There was a moment of deliberative silence. No smoking was allowed in the mill, but the hands all chewed. Jimmy Wright, marking the bright face of a freshly sawed deal about eight feet away, spat unerringly upon its exact centre, then giving a hitch to his trousers, he remarked–
“Let the Boss an’ the Boy settle it. They onderstand it the best.”
“That’s right, Jimmy! We’ll fix it!” said Black Angus. “Now, for mine, I’ve got a fancy for the parrot an’ the pig. That there Ananias-and-Sapphira, she’s a bird an’ no mistake. An’ the pig–MacPhairrson calls him Ebenezer–he’s that smart ye’d jest kill yerself laffin’ to see him. An’, moreover, he’s that clean–he’s clean as a lady. I’d like to have them two around my shanty. An’ I’m ready to take one more if necessary.”
“Then I think you’ll have to take the coon too, Mr. MacAllister,” said the Boy. “He and Ebenezer just love each other, an’ they wouldn’t be happy separated.”

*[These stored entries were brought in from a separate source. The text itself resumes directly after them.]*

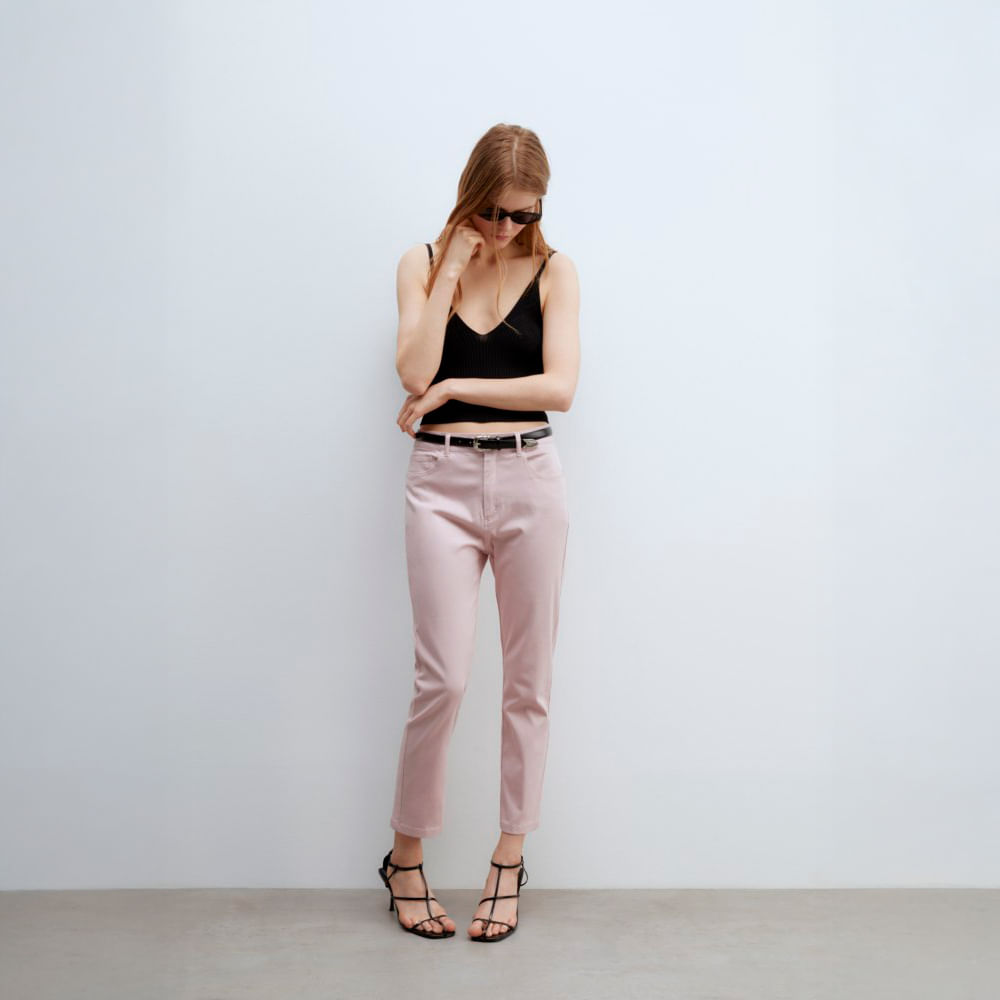 Pantalón Mujer Sfera Lino Cinturon Rosa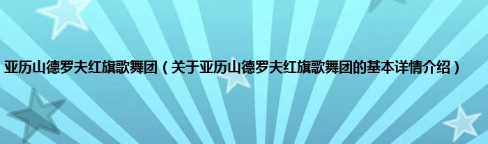 大家好我是小蝌蚪,亚历山德罗夫红旗歌舞团,关于亚历山德罗夫红旗歌舞团的基本详情介绍很多人还不知道,那么现在让我们一起来看看吧!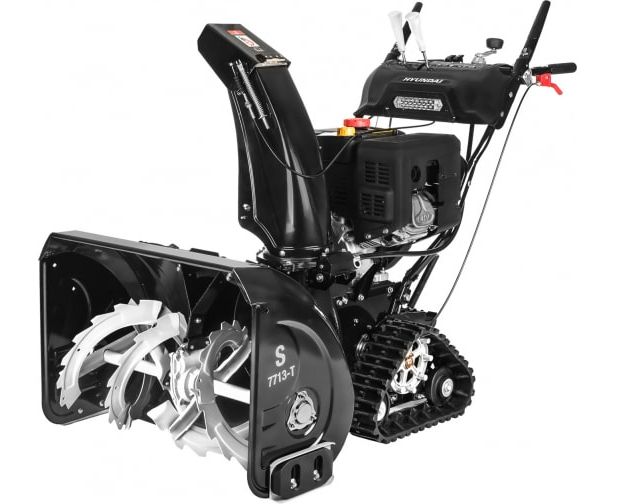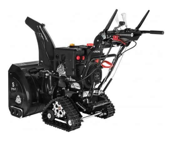 Снегоуборщик Hyundai S 7713-T перемещается при помощи гусениц, что значительно повышает проходимость и сцепление с поверхностью.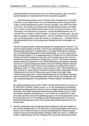Drucksache 15/1778 Schleswig-Holsteinischer Landtag - 15. Wahlperiode Ministerpräsidentin Heide Simonis hat in ihrer Eröffnungsrede zu dem Thema Ko- operationsprojekte mit ausländischen Partnern folgendes ausgeführt: „ ..... Aber Schleswig-Holstein kann mit seinen hohen Kompetenzen in der Medi- zintechnik, in der medizinischen Aus- und Weiterbildung oder mit seinen Erfah- rungen im Gesundheitswesen seinen Teil dazu beitragen, dem WHO-Ziel näher zu kommen. So arbeiten zum Beispiel die Fachhochschule Lübeck, die Dräger Forum GmbH und die CBB Software GmbH mit der University of Science –and Technology in Kumasi/Ghana zusammen, um dort die Medizintechnik und –in- formatik voran zu bringen. Solche Projekte, von denen es mehrere gibt – das eine habe ich gerade nur beispielhaft genannt – können Anstöße für neue Kooperatio- nen und Kontakte geben, die für alle Partner von Nutzen sind.....“ Daneben hat die Ministerpräsidentin noch auf die erfolgreiche Patientenbrücke mit Norwegen ver- wiesen. Auf dem Kongress spielten Kooperationsprojekte mit ausländischen Partnern in fol- genden Programmteilen eine Rolle: In der Runde „Nachgefragt“ im Anschluss an die Hauptreferate erläuterte Dr. Wolfgang Reim von Dräger Medizintechnik weltweite Aus- und Weiterbildungsprojekte im Gesundheitswesen, u.a. in der Zusammenar- beit mit Saudi-Arabien (z. B. Ausbildungszentrum in Riyad); Prof. Dr. Bernd Kremer, Direktor der Klinik für allgemeine Chirurgie und Thoraxchirurgie an der CAU Kiel erläuterte die Zusammenarbeit mit Zhejiang/China und Dr. Carl Hermann Schleifer (Damp-Holding AG) äußerte sich zum Thema Behandlung norwegischer Patienten. Das Forum 3 „Exportschlager Gesundheit: Chance für Schlesig-Holstein“ beschäf- tigte sich ebenfalls mit dem Thema Zusammenarbeit mit ausländischen Partnern. Referenten waren: Dr. Philip Lubinus, Lubinus Clinicum, Kiel, Thema Patienten aus dem Ausland; Dr. Jürgen Brenner, European Surgical Institute, Norderstedt, Thema Fortbildung für Ärzte und OP-Personal aus ganz Europa; Axel Steller, Beta- Unternehmensgruppe, Bonn, Thema Patientenwerbung und Vermittlung, Internatio- nale Vermarktung für Gesundheitsstandorte. Dabei konnten aus Zeitgründen nicht alle Kooperationsprojekte mit ausländischen Partnern erläutert und diskutiert wer- den. Die weitere Entwicklung der bei dem Treffen mit dem Außenminister von Oman am 02. März 2001 erörterten Projekte wurde u. a. von der Erarbeitung einer Machbar- keitsstudie abhängig gemacht. Bereits vor dem Vorliegen dieser Machbarkeitsstu- die fanden zwar weitere Gespräche zwischen dem Außenministeriums von Oman und Vertreter deutscher Unternehmen (u. a. ein Treffen am 19. April 2001 in Mün- chen) statt, bei denen über die Projektbedingungen im einzelnen gesprochen wurde. Es ist dann aber nicht zur Konkretisierung des Projekts gekommen, so dass ent- sprechende Überlegungen bei der Planung des Gesundheitskongresses nicht not- wendig waren. 5. Teilt die Landesregierung die bedenkenswerte Auffassung, dass das Angebot an den Chef der Staatskanzlei vom 02. März 2001, Aufsichtsratsmitglied einer Firma zu werden, die im Zusammenhang mit der gesundheitspolitischen Zusammenarbeit zwischen Oman und Schleswig-Holstein Aufträge erhalten will, nicht nur unsittlich ist, sondern möglicherweise auch den Tatbestand der versuchten Bestechung erfüllen 4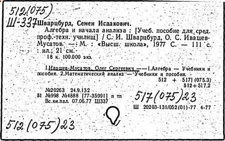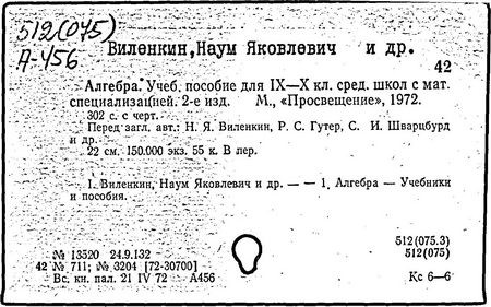Н. Я. Виленкин, О. С. Ивашев-Мусатов, С. И. Шварцбурд. -13-е изд.,

“All right. The coon fer me!” responded the Boss. “Which of the critters will you take yerself?”
“I’ll wait and see which the rest of the boys want,” replied the Boy. “I like them all, and they all know me pretty well. I’ll take what’s left.”
“Well, then,” said Jimmy Wright, “me for Susan. That blame moose calf’s the only one of the critters that I could ever git along with. She’s a kind of a fool, an’ seems to like me!” And he decorated the bright deal once more.
“Me an’ my missus, we’ll be proud to take them two white cats!” put in grey old Billy Smith. “She sez, sez she, they be the han’somest cats in two counties. Mebbe they won’t be so lonesome with us as they’d be somewheres else, bein’s as our shanty’s so nigh MacPhairrson’s bridge they kin see for themselves all the time there ain’t no one on to the island any more!”
“Stumpy’s not spoken for!” reminded the Boy. The dog was popular, and half a dozen volunteered for him at once.
“Mike gits the dawg!” decided the Boss, to head off arguments.
“Then I’ll take the big gander,” spoke up Baldy Pallen, one of the disappointed applicants for Stumpy. “He knows as much as any dawg ever lived.”
“Yes, I reckon he kin teach ye a heap, Baldy!” agreed the Boss. A laugh went round at Baldy’s expense. Then for a few seconds there were no more applications.
“No one seems to want poor Butters and Bones!” laughed the Boy. “They’re neither of them what you’d call sociable. But Bones has his good points. He can see in the dark; and he’s a great one for minding his own business. Butters has a heap of sense; but he’s too cross to show it, except for MacPhairrson himself. Guess I’d better take them both, as I understand their infirmities.”
“An’ ain’t there a young fox?” inquired the Boss.
“Oh, Carrots; he can just stay on the island,” answered the Boy. “If some of you’ll throw him a bite to eat every day, he’ll be all right. He can’t get into any mischief. And he can’t get away. He stands on his dignity so, nobody’d get any fun out of having him!”